Pour la première fois depuis plus de dix ans, les chiffres de la faim dans le monde repartent à la hausse avec 815 millions de personnes souffrant de famine, soit plus d’une personne sur dix. En cause, des conflits de plus en plus nombreux exacerbés par les événements climatiques extrêmes (inondations, sécheresses…). Un cercle vicieux qui n’est pas près de s’arrêter. La faim pourrait augmenter de 10 % à 20 % d’ici 2050.
C’est un très mauvais indicateur. Alors que la faim dans le monde régressait de façon constante depuis 2005, les derniers chiffres de l’Organisation des Nations unies pour l’alimentation et l’agriculture (FAO) sont plus qu’alarmants (1). Le nombre de personnes souffrant de la faim dans le monde est passé de 778 à 815 millions, soit 11 % de la population mondiale. Guerres et chocs climatiques constituent le cocktail explosif de cette hausse.
« Les conflits et la sécheresse, c’est le pire des scénarios pour la sécurité alimentaire », a souligné José Graziano da Silva, directeur général de la FAO, lors de la conférence de l’organisation en juillet. Cet accroissement de la faim en 2016 pourrait signaler une inversion durable de la tendance, en raison du changement climatique qui va s’accélérer dans les prochaines années.
53,5 millions de personnes touchées par un conflit et un choc climatique
La situation en matière de sécurité alimentaire a empiré notamment dans certaines régions de l’Afrique subsaharienne, de l’Asie du Sud-Est et de l’Asie de l’Ouest. 19 pays sont actuellement en situation de « crise prolongée » due à des conflits internes souvent conjugués à des événements climatiques extrêmes tels que des sécheresses et des inondations.
C’est le cas en Syrie, en Irak, en République démocratique du Congo, en Afghanistan, au Soudan ou encore au Yémen. Au total, 53,5 millions de personnes se trouvent en situation de sécurité alimentaire à cause d’un conflit combiné à un phénomène climatique.

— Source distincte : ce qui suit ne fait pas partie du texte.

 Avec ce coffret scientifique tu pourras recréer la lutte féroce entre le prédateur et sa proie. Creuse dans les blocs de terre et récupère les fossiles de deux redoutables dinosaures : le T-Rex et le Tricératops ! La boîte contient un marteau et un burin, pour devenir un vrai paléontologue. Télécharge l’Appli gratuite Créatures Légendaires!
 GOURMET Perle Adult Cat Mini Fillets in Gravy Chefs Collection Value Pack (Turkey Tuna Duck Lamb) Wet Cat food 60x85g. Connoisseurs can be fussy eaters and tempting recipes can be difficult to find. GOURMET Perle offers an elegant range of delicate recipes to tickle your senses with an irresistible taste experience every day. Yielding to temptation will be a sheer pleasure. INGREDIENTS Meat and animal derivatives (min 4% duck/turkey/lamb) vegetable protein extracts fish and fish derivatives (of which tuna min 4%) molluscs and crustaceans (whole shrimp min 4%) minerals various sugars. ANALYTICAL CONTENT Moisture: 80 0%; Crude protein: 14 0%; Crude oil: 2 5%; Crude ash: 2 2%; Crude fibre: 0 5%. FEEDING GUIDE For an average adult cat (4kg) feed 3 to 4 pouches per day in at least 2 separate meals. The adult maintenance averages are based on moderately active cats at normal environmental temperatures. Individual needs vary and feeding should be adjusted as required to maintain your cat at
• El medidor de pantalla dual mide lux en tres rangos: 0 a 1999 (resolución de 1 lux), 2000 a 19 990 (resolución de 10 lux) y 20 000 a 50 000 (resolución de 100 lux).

10 à 20 % de malnutrition en plus d’ici 2050
« La concomitance de conflits et de catastrophes naturelles d’origine climatique pourrait être plus fréquente sous l’effet du changement climatique, car celui-ci non seulement aggrave les problèmes liés à l’insécurité alimentaire et à la sous-alimentation, mais peut aussi mener inexorablement à des conflits, des crises prolongées et des situations de fragilité », expliquent les experts dans leur rapport publié le 15 septembre. Un cercle vicieux difficile à stopper.

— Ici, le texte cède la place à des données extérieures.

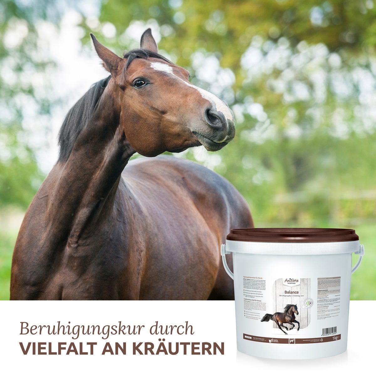 BeschreibungBalance für Pferde - Natürliche BeruhigungFördert die natürliche Schutzfunktion des Pferdes gegen Angst Stress

Chaque année, 26 millions de personnes en moyenne sont déplacées à cause de catastrophes naturelles, soit presque une personne à chaque seconde. En 2015, trois fois plus de personnes se sont déplacées en raison de catastrophes naturelles qu’à cause des guerres et des violences.
« C’est un échec honteux pour nos dirigeants et nos institutions internationales, réagit Clara Jamart d’Oxfam France. Les avancées que nous avons laborieusement obtenues au cours des dernières décennies peuvent facilement être compromises. Selon certaines analyses, le nombre de personnes risquant de souffrir de la faim augmentera de 10 % à 20 % d’ici 2050 en raison du changement climatique. »
Soutenir les petites exploitations
Pour soutenir la production alimentaire dans les pays les plus pauvres, l’ONU plaide pour l’investissement sur de petites exploitations, la moyenne en Afrique n’excédant pas deux hectares. « 80% de la production totale agricole en Afrique vient des petites exploitations, qui sont au nombre de 38 à 40 millions », a ainsi rappelé Gilbert Houngbo, président du FIDA (Fonds International des Nations Unies pour le développement agricole). Début janvier, l’organisme lancera un fond d’investissement pour des petits propriétaires (small holders investment fund) qui rencontre déjà un « intérêt très fort ».
« S’il permet de générer des profits colossaux pour une poignée d’entreprises agroalimentaires multinationales et de spéculateurs, l’agrobusiness ne permet pas, et ne permettra jamais d’assurer le droit à l’alimentation des plus pauvres, rajoute Clara Jamart d’Oxfam France. La faim n’est pas un problème lié à une pénurie de nourriture. Nous produisons aujourd’hui, à l’échelle de la planète, largement assez de denrées alimentaires pour assurer le droit à l’alimentation de tous. » L’ONG lance ainsi un message d’alerte au président de la République, Emmanuel Macron, alors que se tiennent en ce moment les États généraux de l’alimentation.